I am creating a real-time game where ships move through space using basic laws of motion. The ships move by rotating (instantly for our purposes) to an angle and then firing their engine to accelerate.
I have coded up a basic ECS system wherein every tick velocity is added to position and acceleration is added to velocity.
So the problem is at any given moment how can a ship determine the rotation to fire its engine (assume constant acceleration) to intercept an arbitrary point elsewhere in the world. Ideally in the shortest time possible, however I'd settle for ever.
I have the following variables:\$v\$ the current velocity vector of the ship at \$t = 0\$ , \$P_0\$ the current postition of the ship, \$P_2\$ the desired intercept point, and \$||a||\$ the maximum magnitude of the acceleration vector.
I need to find some rotation \$\theta\$ to fire my engine in to follow a curve to the given intercept point \$P_2\$.
I have tried solving for the quadratic bezier curve control points for such a path and then deriving its acceleration.
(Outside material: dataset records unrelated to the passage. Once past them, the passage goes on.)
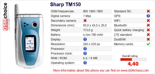 Do you have your website? Do you want to insert information about basic phone data of Sharp TM150 somewhere? It is very easy. You can download the picture, or copy and paste the code below on the page:Pasting this code will display the following image: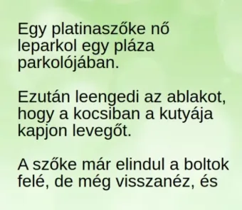 Egy platinaszőke nőleparkol egy plázaparkolójában.Ezután leengedi az ablakot,hogy a kocsiban a kutyájakapjon levegőt.A szőke már elindul a boltokfelé, de még visszanéz,…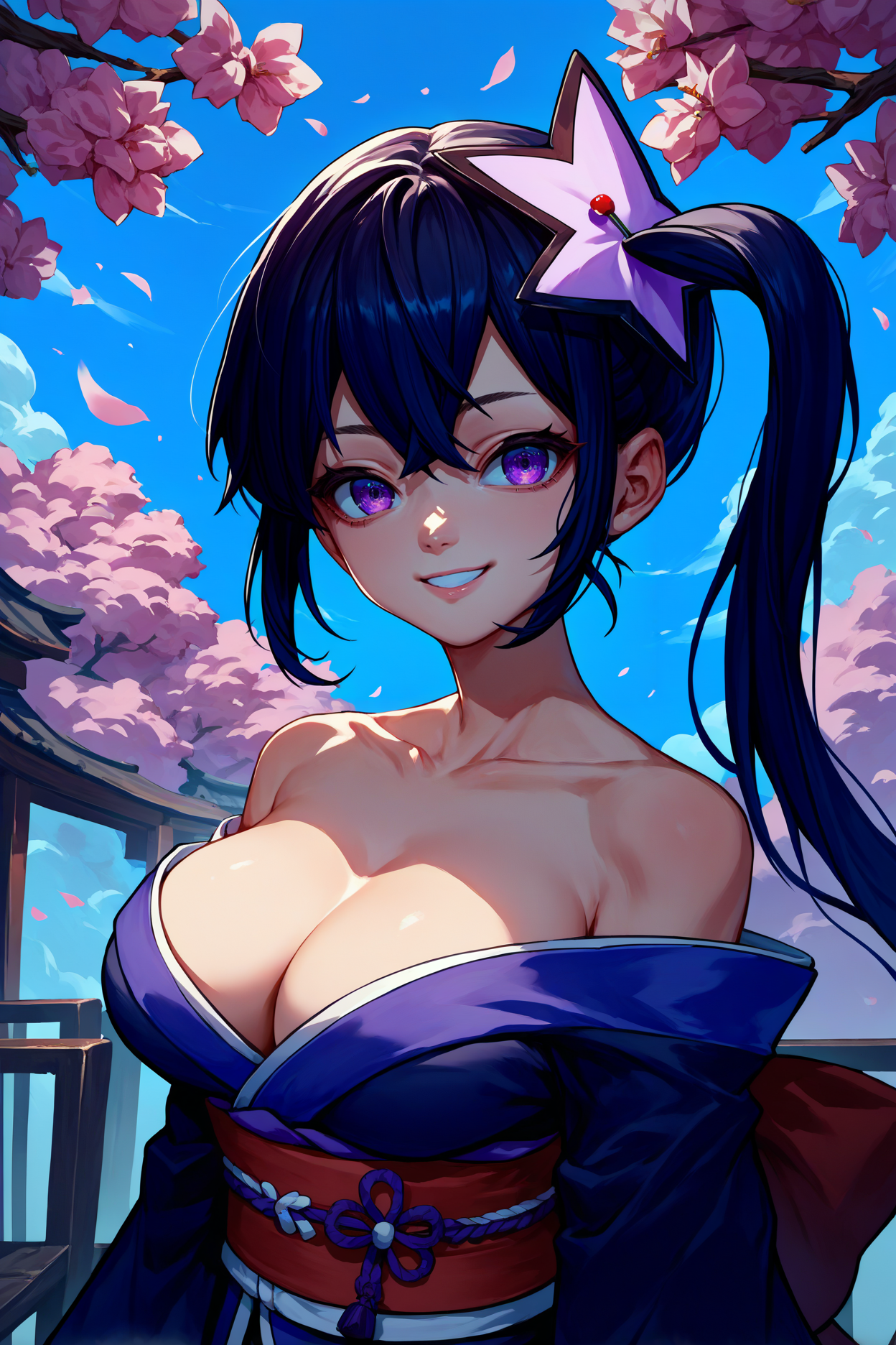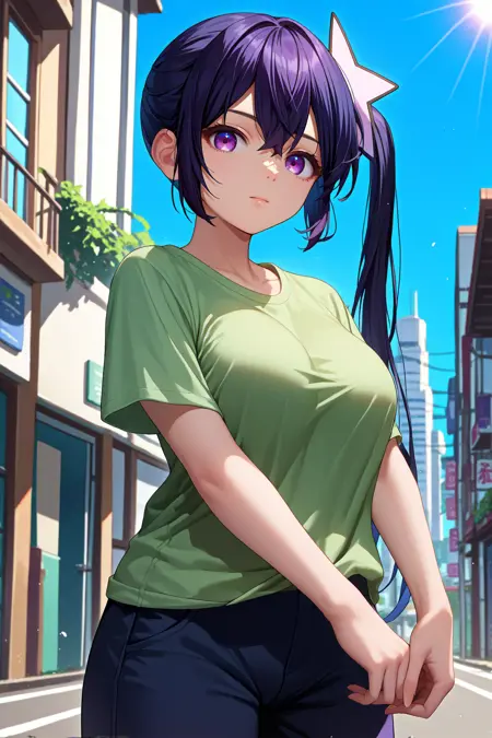 트리거 단어는 "mgrpRipple"이며, "검은 머리카락, 옆으로 묶은 파마, 보라색 눈"이 필수입니다.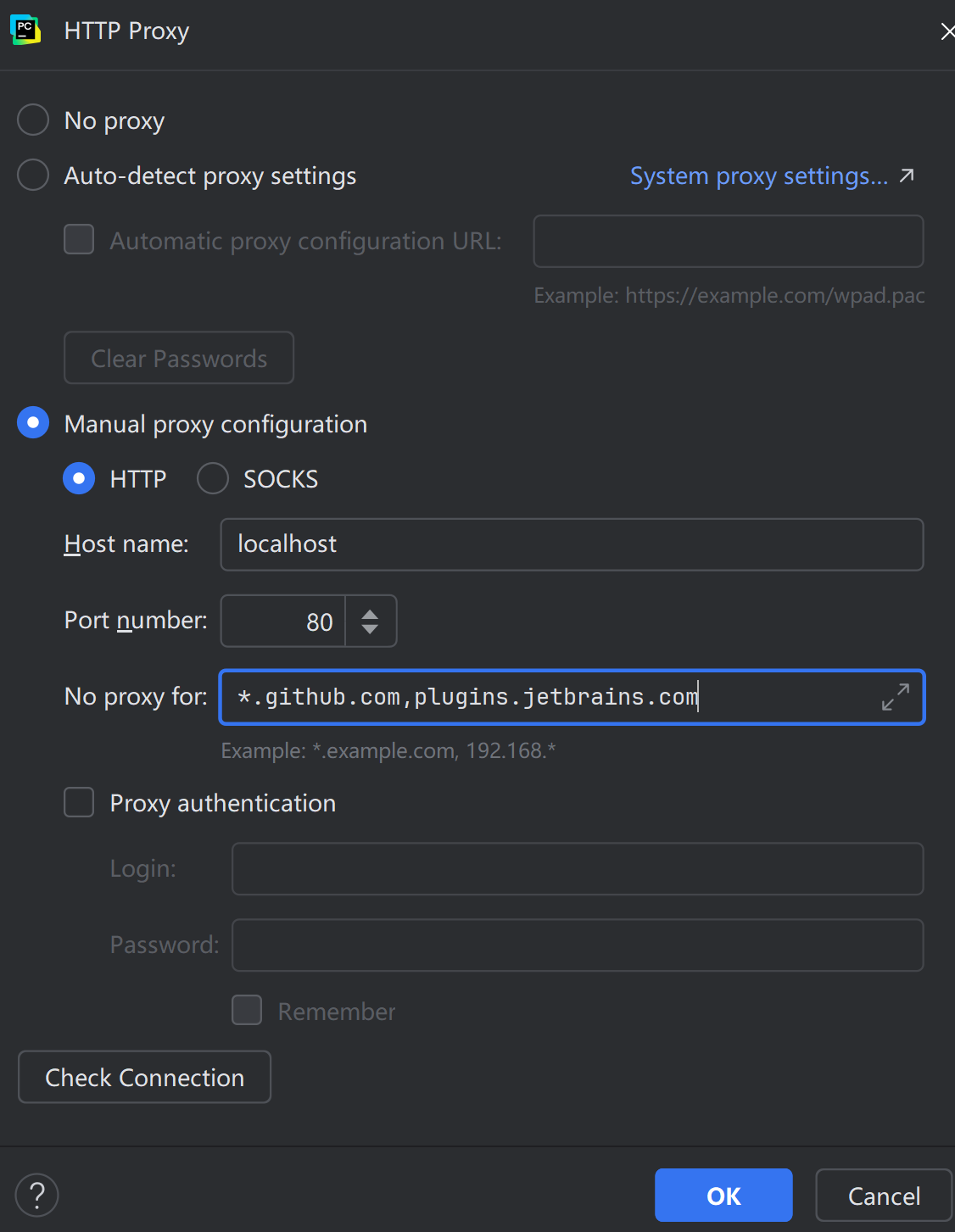 选择手动代理配置->HTTP,主机名localhost, 端口号80, 以下项目不用代理: *.github.com,plugins.jetbrains.com 确定

Like so:
\$P'(t) = 2(1-t)(P_1 - P_0)+2t(P_2 - P_1)\$
\$P'(0) = v = 2P_1 - 2P_0\$
\$P_1 = \frac{v}{2} + P_0\$
To derive \$P_1\$ and then:
\$P''(t) = 2(P_2 - 2P_1 + P_0)\$
plugging in the three points to get an acceleration vector, however if I understand correctly bezier curves are from \$t=0\$ to \$t=1\$? So this is a massive acceleration vector that would get my ship to the point in one game tick. I have tried scaling this vector to the maximum magnitude of the engine's acceleration, but that doesn't quite work. I feel like my approach is close but I can't quite figure it out.
Cont.
I have thought about this more and returned to this solution. I believe I need to solve for time \$T\$ to reach the point by calculating the radius of the circle in the aforementioned answer. If I do that then I can calculate the second control point as \$P_0 + Tv\$.
It seems to me that the minimum time necessary to reach a point is when the destination point \$P_2\$ is on the circumference of the circle described by it's center \$P_0 + Tv\$ and radius \$\frac{T^2}{2}a\$ where \$a\$ is the maximum acceleration.
Previously I was conflating the \$t\$ in the bezier curve polynomial (between 0 and 1) with some time \$T\$ it will take to complete the maneuver which is unbounded.